The Senate passed a bill Thursday that would dramatically expand a compensation program for Americans affected by U.S. nuclear weapons testing and uranium mining.

“It is time to rebuild these communities,” argued Sen. Josh Hawley (R-Mo.), a sponsor of the bill, prior to the vote. “This isn't about some kind of welfare program. This is about doing basic justice by the working people of this nation, whom their own government has poisoned.”

The bipartisan, 69-30 vote marks the second time in the past year that the Senate has approved an expansion to the Radiation Exposure Compensation Act (RECA), which gives money and medical benefits to uranium miners and people who lived downwind of the Nevada Test Site, where the U.S. military carried out most of its nuclear testing in the 1950s and 60s.

The first RECA vote came last July, when 62 senators approved an amendment to the annual defense policy bill that expanded RECA coverage. Despite intensive lobbying from Hawley and Sen. Ben Ray Lujan (D-N.M.), congressional leadership stripped the measure from the final version of the bill following a Congressional Budget Office finding that the expansion would cost as much as $150 billion over 10 years.

The latest RECA expansion bill cut some of the benefits included in the amendment and managed to bring the price tag down to about $5 billion per year. These changes should make the proposal more likely to pass the House, where some Republicans have expressed concern about the potential costs of the expansion.

Hawley dismissed worries about the bill’s price tag, saying last week that he told Senate Majority Leader Mitch McConnell (R-Ky.) that “I didn’t hear a lot of grousing about the cost when we were voting on Ukraine funding or anything else for that matter.”

It is unclear how many Americans will be eligible for compensation if the expansion gets through the House. In New Mexico, where the first ever nuclear test took place, some victims have had more than 20 family members get radiation-related cancers. One activist told RS last year that she lost seven family members to diseases she believes are linked to nuclear testing.

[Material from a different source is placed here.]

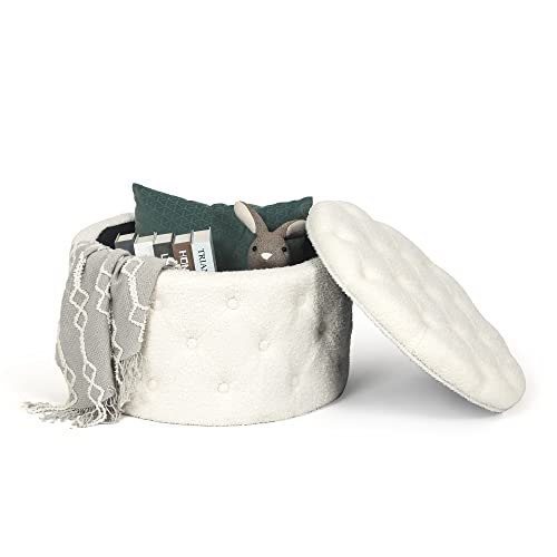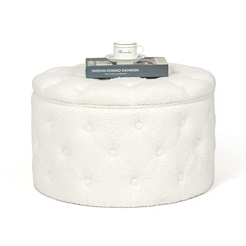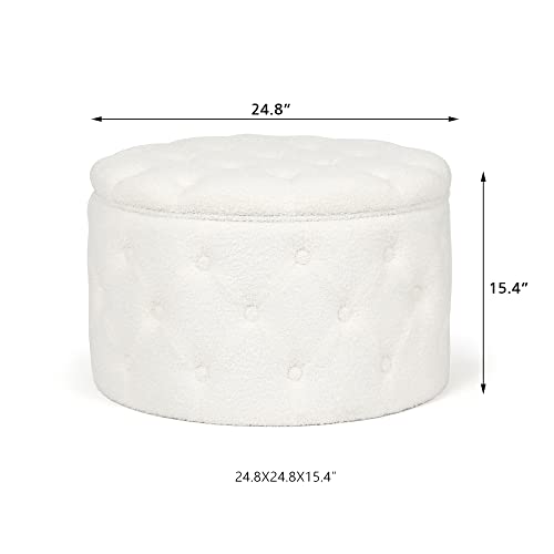 Homebeez - هوم بيز مسند قدم دائري من الفرو الصناعي مقاس 24.8 انش، طاولة قهوة لغرفة المعيشة، لون ابيض

President Joe Biden declared his support for the bill Wednesday. “The President believes we have a solemn obligation to address toxic exposure, especially among those who have been placed in harm’s way by the government’s actions,” according to a White House statement.

The bill would expand eligibility for “downwinders” — those who lived downwind of U.S. nuclear tests — to include victims in Idaho, Montana, New Mexico, Guam, and Colorado. It would also extend RECA to cover all of Nevada, Utah, and Arizona, as well as people living near nuclear waste sites in Missouri, Tennessee, Kentucky, and Alaska.

The vote came 11 years to the day after Tina Cordova, a leading activist of RECA expansion and a cancer survivor, lost her father to a cancer that she believes was caused by the “Trinity Test” — the first ever nuclear explosion, recently depicted in the blockbuster film Oppenheimer.

“The cancer metastasized to his neck and throat before becoming inoperable and consuming his body,” said Sen. Lujan of New Mexico during the debate prior to today’s vote. Cordova “made it her life's mission to fight for justice [and] compensation for her family and the thousands of victims of our nation's nuclear weapons program,” the lawmaker added.

Cordova, who will be Lujan’s guest at Thursday’s State of the Union address, told RS in December that the decision to strip RECA expansion from last year’s defense policy bill was “shockingly immoral.”

“Today, the Senate took another step forward in the long journey to delivering justice to Americans suffering from radiation exposure,” Lujan said in a statement after the vote. “Let's be clear: the fight is not over. I urge the House to pass RECA without delay and get help to families who are deeply suffering.”


Sen. Ben Ray Lujan (D-N.M.) speaks before the vote on RECA expansion. (Screengrab via senate.gov)

Reporting | QiOSK
Trump steve Bannon
Top photo credit: President Donald Trump (White House/Flickr) and Steve Bannon (Gage Skidmore/Flickr)

Don't read the funeral rites for MAGA restraint yet

Washington Politics

On the same night President Donald Trump ordered U.S. airstrikes against Iran, POLITICO reported, “MAGA largely falls in line on Trump’s Iran strikes.”

The report cited “Charlie Kirk, a conservative activist and critic of GOP war hawks,” who posted on X, “Iran gave President Trump no choice.” It noted that former Republican Congressman Matt Gaetz, a longtime Trump supporter, “said on X that the president’s strike didn’t necessarily portend a larger conflict.” Gaetz said. “Trump the Peacemaker!”

keep readingShow less
Antonio Guterres and Ursula von der Leyen
Top image credit: Alexandros Michailidis / Shutterstock.com

UN Charter turns 80: Why do Europeans mock it so?

Europe

Eighty years ago, on June 26, 1945, the United Nations Charter was signed in San Francisco. But you wouldn’t know it if you listened to European governments today.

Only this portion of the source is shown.